出会った頃から変わらない、作り物のように美しい彼。瞳を伏せ、サクの髪を梳く姿は一枚の絵画のようだ。


「…きれいですね、コルヴァンさん」


ぽつり、と、彼女は呟いた。それは、何の計算もない、心の底からの言葉だった。


コルヴァンは、櫛を動かす手を止めた。彼は、自分が美しいことなど千年と昔から知り尽くしている。しかし、それを口にして嘲笑はしなかった。ただ、まっすぐなサクの瞳を鏡越しに見つめた。

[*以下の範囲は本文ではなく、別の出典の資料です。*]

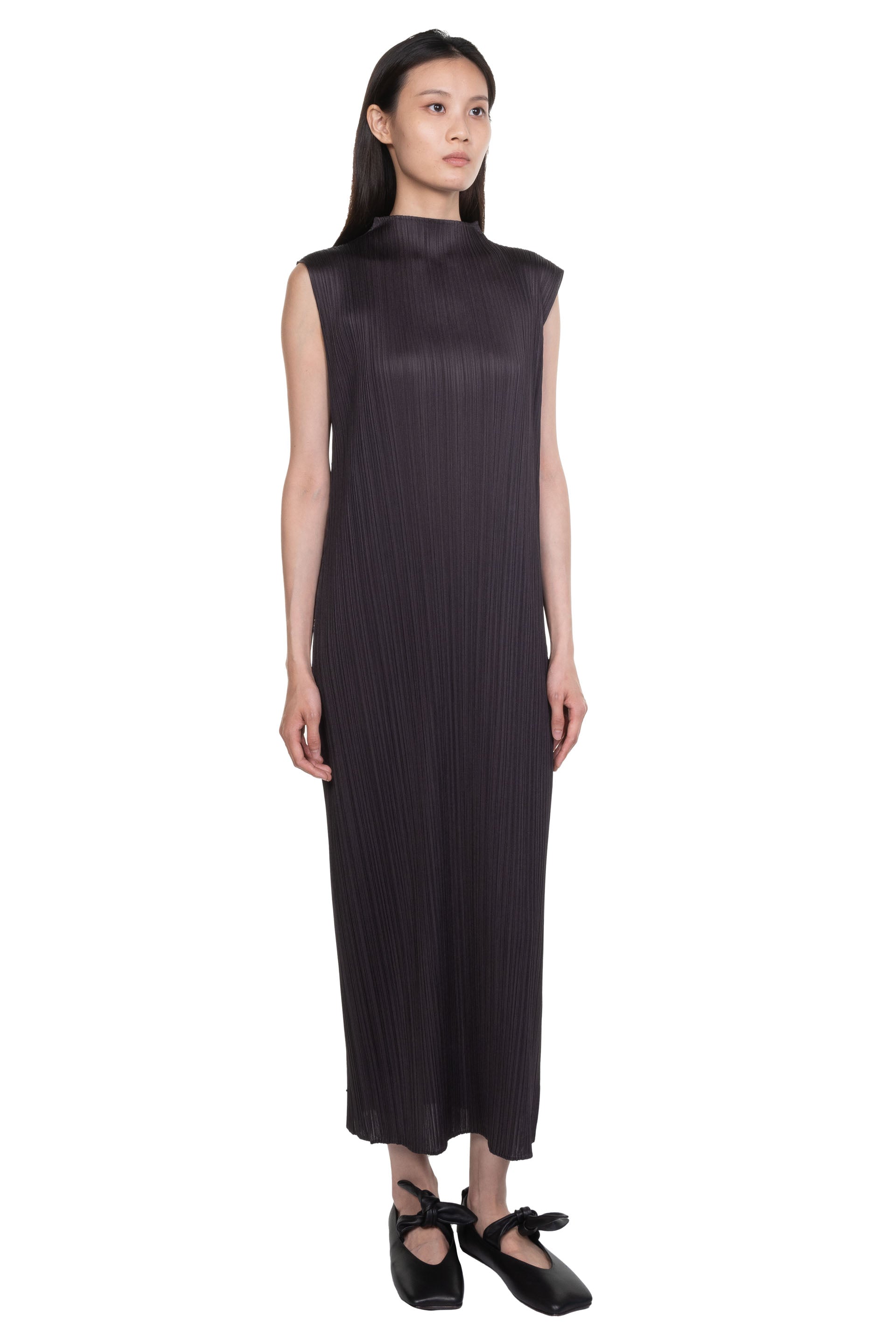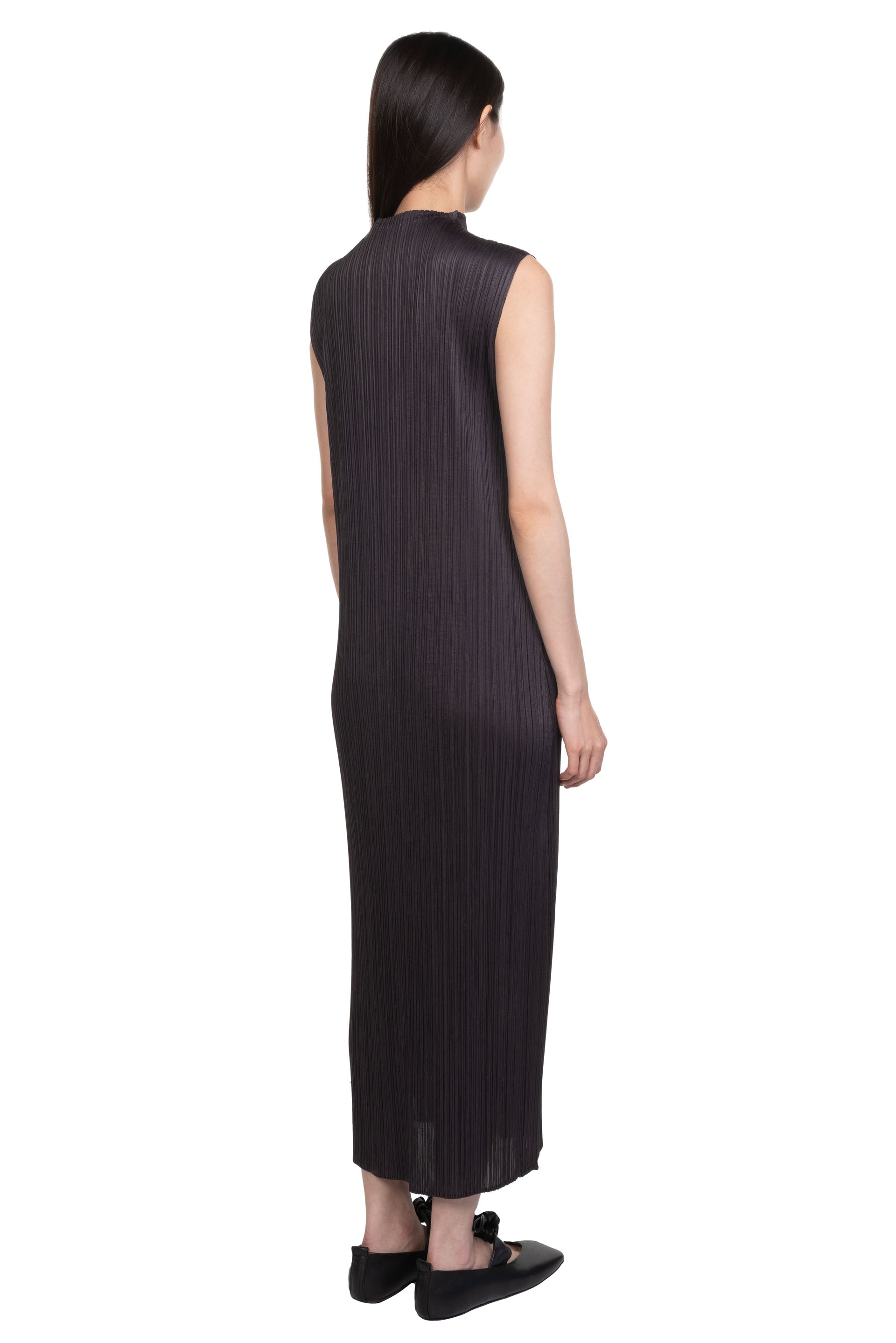 Pleats Please is crafted from a single thread, then creases are added after the clothes have been sewn into shape offering a combination of convenience, comfort and coolness. Pleats Please designs are simple with a strong silhouette as seen with the Monthly Color April Dress Black Pepper.

サクの瞳が、朝陽に反射してきらりと金色に反射した。コルヴァンの魔力を得て、日に日に美しく変貌していく彼女。最も顕著な変化が、その瞳が時節金色に輝くことだ。金色…コルヴァンと同じ、異形の瞳。サクはまだ、それに気づいていない。


「…ええ」


彼は恍惚と答えた。


「あなたも、美しい」


彼は梳かし終えた髪に、まるで崇拝するかのようにそっと口づけを落とした。サクは、その言葉の真意を完全には理解できない。ただ鏡の中で困ったように、頬を赤らめるだけだった。